Records shown.
□ □ □ □ □
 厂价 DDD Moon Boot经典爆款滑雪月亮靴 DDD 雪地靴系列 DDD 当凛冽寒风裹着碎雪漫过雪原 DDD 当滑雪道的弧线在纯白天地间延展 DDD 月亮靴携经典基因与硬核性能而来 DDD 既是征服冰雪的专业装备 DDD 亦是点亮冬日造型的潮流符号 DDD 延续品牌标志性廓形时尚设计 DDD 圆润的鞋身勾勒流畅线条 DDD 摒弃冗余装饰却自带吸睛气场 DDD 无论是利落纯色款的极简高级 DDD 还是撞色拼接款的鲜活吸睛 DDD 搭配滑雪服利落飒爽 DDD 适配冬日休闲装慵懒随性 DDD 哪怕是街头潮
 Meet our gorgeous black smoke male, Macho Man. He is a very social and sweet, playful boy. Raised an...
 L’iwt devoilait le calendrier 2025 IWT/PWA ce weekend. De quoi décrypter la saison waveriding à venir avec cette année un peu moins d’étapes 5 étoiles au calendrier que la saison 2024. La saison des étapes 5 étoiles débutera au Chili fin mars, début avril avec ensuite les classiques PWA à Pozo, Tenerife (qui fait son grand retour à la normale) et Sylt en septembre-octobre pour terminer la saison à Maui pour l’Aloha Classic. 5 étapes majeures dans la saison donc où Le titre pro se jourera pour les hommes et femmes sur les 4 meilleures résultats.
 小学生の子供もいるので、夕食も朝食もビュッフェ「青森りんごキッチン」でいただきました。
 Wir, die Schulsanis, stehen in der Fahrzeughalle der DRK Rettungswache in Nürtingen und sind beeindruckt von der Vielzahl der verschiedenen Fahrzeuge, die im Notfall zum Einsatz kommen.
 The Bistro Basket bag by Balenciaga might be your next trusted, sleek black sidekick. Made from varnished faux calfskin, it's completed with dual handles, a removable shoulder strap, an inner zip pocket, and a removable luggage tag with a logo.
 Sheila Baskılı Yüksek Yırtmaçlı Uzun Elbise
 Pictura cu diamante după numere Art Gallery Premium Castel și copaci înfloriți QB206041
□ □ □ □ □
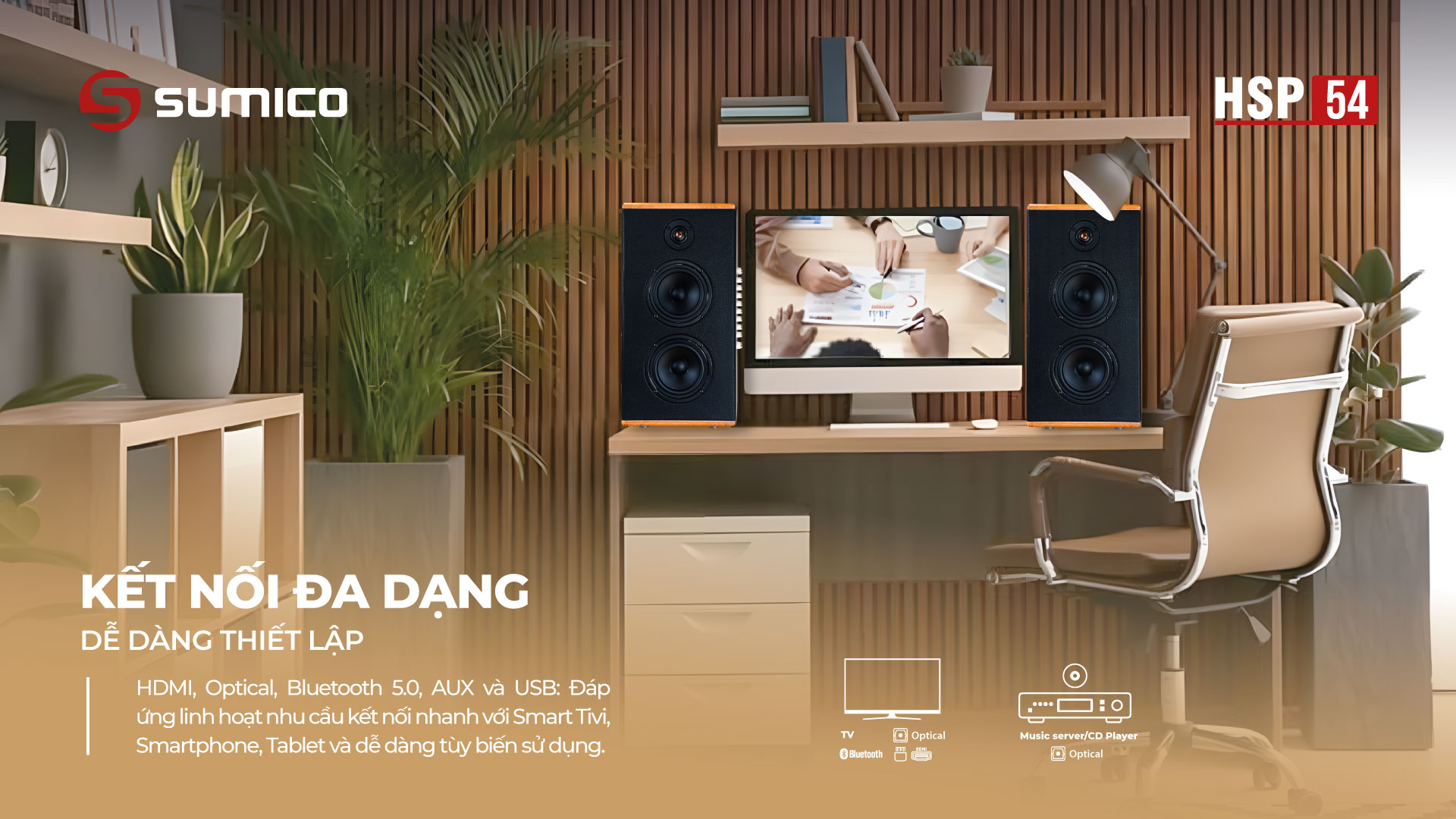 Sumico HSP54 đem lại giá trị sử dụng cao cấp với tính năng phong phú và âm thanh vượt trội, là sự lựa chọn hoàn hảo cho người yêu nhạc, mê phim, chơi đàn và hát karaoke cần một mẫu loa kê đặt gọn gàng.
□ □ □ □ □
Work required.
Give again, word for word, every line of the listing above from the one with "小学生の子供もいるので、夕食" to the one with "Pictura cu diamante", both inclusive, and nothing beyond them.

Task solution.
 小学生の子供もいるので、夕食も朝食もビュッフェ「青森りんごキッチン」でいただきました。
 Wir, die Schulsanis, stehen in der Fahrzeughalle der DRK Rettungswache in Nürtingen und sind beeindruckt von der Vielzahl der verschiedenen Fahrzeuge, die im Notfall zum Einsatz kommen.
 The Bistro Basket bag by Balenciaga might be your next trusted, sleek black sidekick. Made from varnished faux calfskin, it's completed with dual handles, a removable shoulder strap, an inner zip pocket, and a removable luggage tag with a logo.
 Sheila Baskılı Yüksek Yırtmaçlı Uzun Elbise
 Pictura cu diamante după numere Art Gallery Premium Castel și copaci înfloriți QB206041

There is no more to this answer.